Single by Marillion

from the album Script for a Jester's Tear
- B-side: "Charting the Single"
- Released: 31 January 1983 (UK)
- Recorded: Marquee Studios, London
- Length: 3:30 (7"); 5:05 (12"); 5:24 (album)
- Label: EMI
- Songwriters: Derek Dick, Steve Rothery, Peter Trewavas, Michael Pointer, Mark Kelly, Diz Minnitt & Brian Jelliman
- Producer: Nick Tauber

Marillion singles chronology
| "Market Square Heroes" (1982) | "He Knows You Know" (1983) | "Garden Party" (1983) |

Audio sample
- He Knows You Knowfile; help;

= He Knows You Know =

1983 single by Marillion

"He Knows You Know" is a song by the British neo-prog band Marillion. It was their second single, with "Charting the Single" as the B-side. It was released from their first album, Script for a Jester's Tear, and peaked at number 35 on the UK Singles Chart. The song's theme is drug abuse, and alludes particularly to intravenous drug use. In concert, lead vocalist Fish would often introduce it as "The Drug Song" and state that it was inspired by drug use while he was working at the Job/Benefits centre in Aylesbury.

As with all Marillion songs during this period, the lyrics were written by Fish. The music video for this song features Fish struggling in a straitjacket having visions of a Jackson's chameleon as featured on the album artwork of Marillion's first three albums.

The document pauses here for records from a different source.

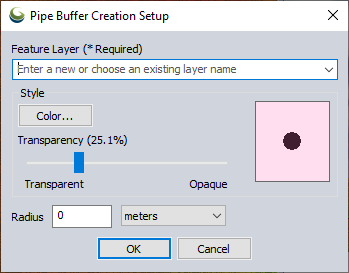 Created from a selected line feature, a pipe buffer creates a pipe measuring the specified distance perpendicular to the line segment. If the input line feature has elevation values the generated mesh will be placed vertically based on those values, otherwise the feature will be anchored to 0 elevation.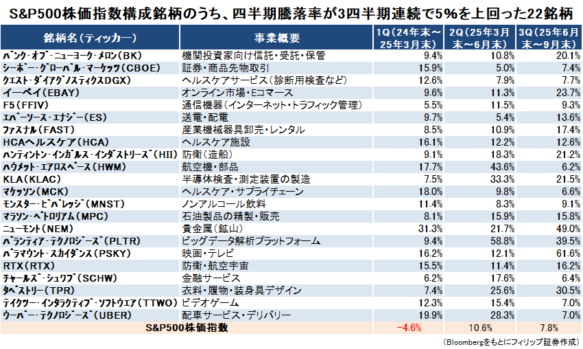 【3四半期連続で騰落率+5%超~S&P500株価指数構成銘柄の中に22銘柄】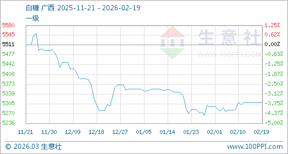 2月19日,生意社白糖基準(zhǔn)價(jià)為5310.00元/噸,與本月初(5295.00元/噸)相比,上漲了0.28%。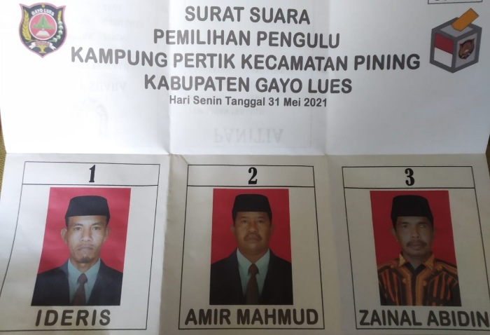 Pemilihan Penghulu Kampung Pertik diikuti 3 calon, Idris nomor urut 1, Amir Mahmud nomor urut 2 dan Zainal Abidin nomor urut 3.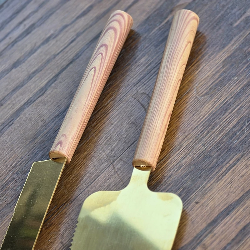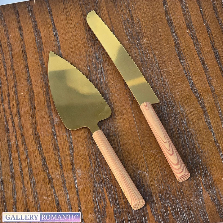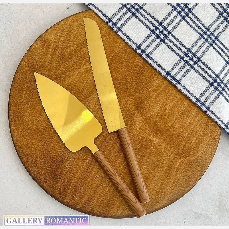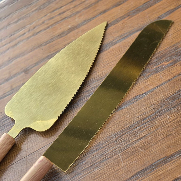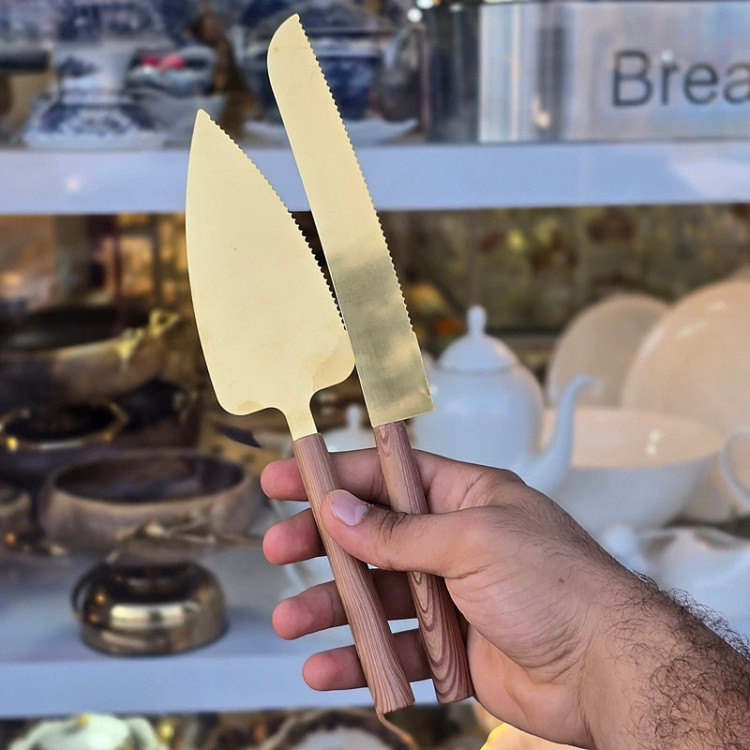 ست کارد و کفگیر کیک استیل طلایی با دسته چوبی کد g282(پس کرایه)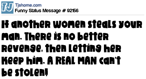 - # 104054 When a woman steals your husband, there is no better revenge than to let her keep him.
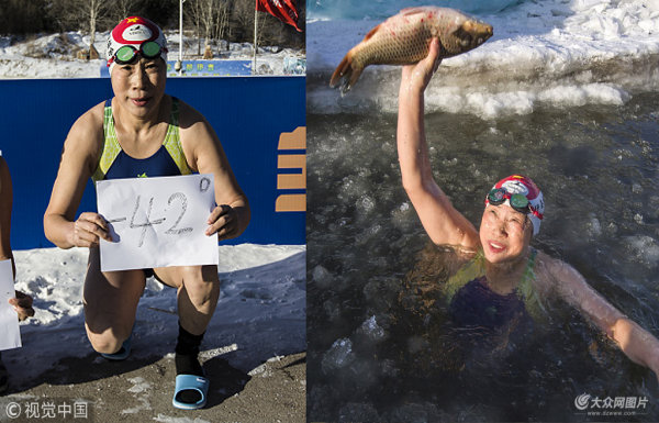 大媽零下42℃極寒冬泳 單手擒鯉魚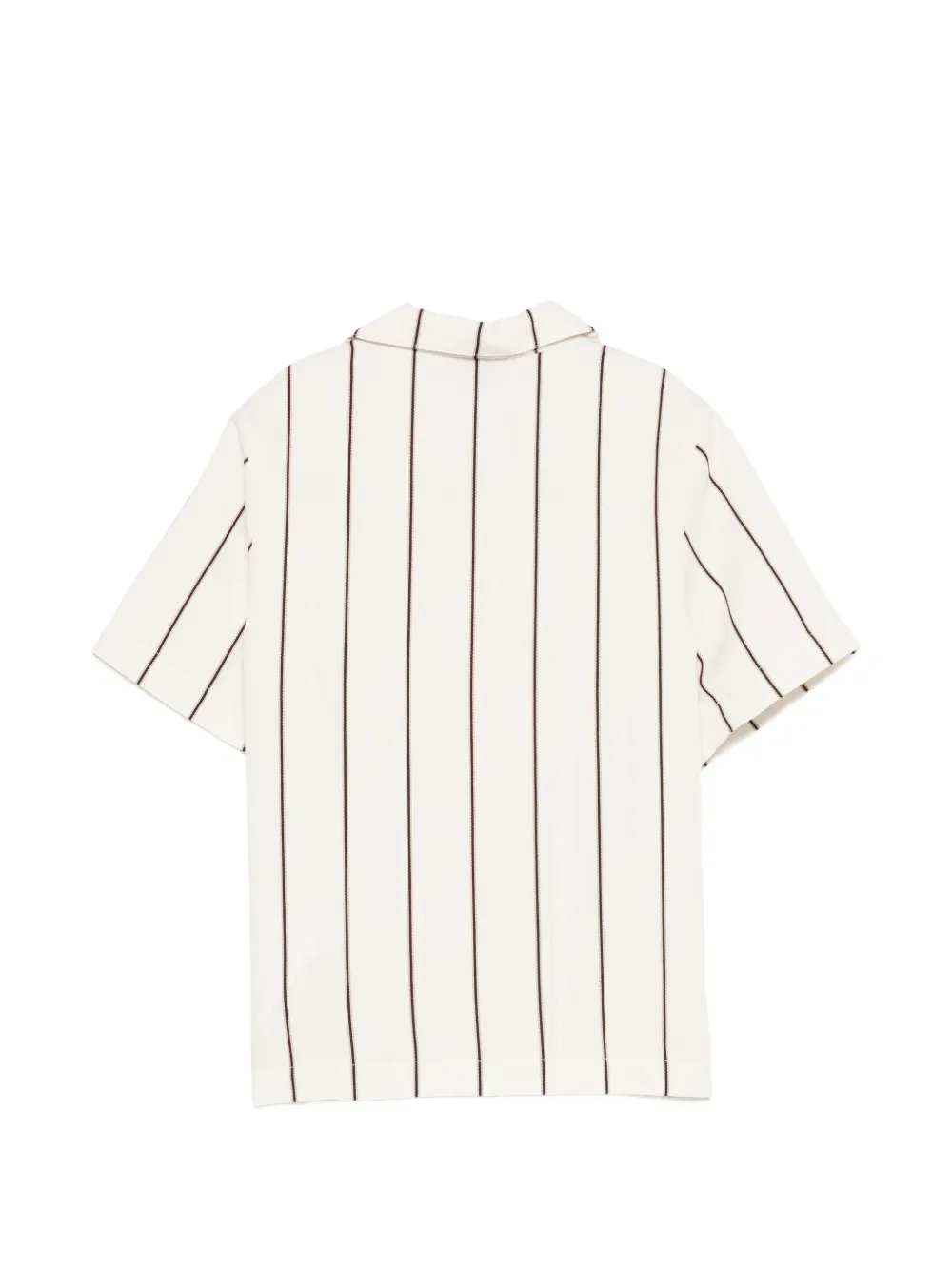 Светло-бежевый в полоску, застежка на пуговицы, короткие рукава, отложной воротник, логотип на груди

"He Knows You Know" is the only 12-inch single from Marillion's first three albums that was never produced as a picture disc. The song was supposed to be performed live on Top of the Pops in 1983, but as Fish explains during the concert recorded for Recital of the Script, this never happened. However, a live version was later recorded for the BBC Oxford Road Show.

A CD replica of the single was also part of a collectors' box-set released in July 2000, which contained Marillion's first twelve singles and was re-issued as a 3-CD set in 2009 (see The Singles '82-'88).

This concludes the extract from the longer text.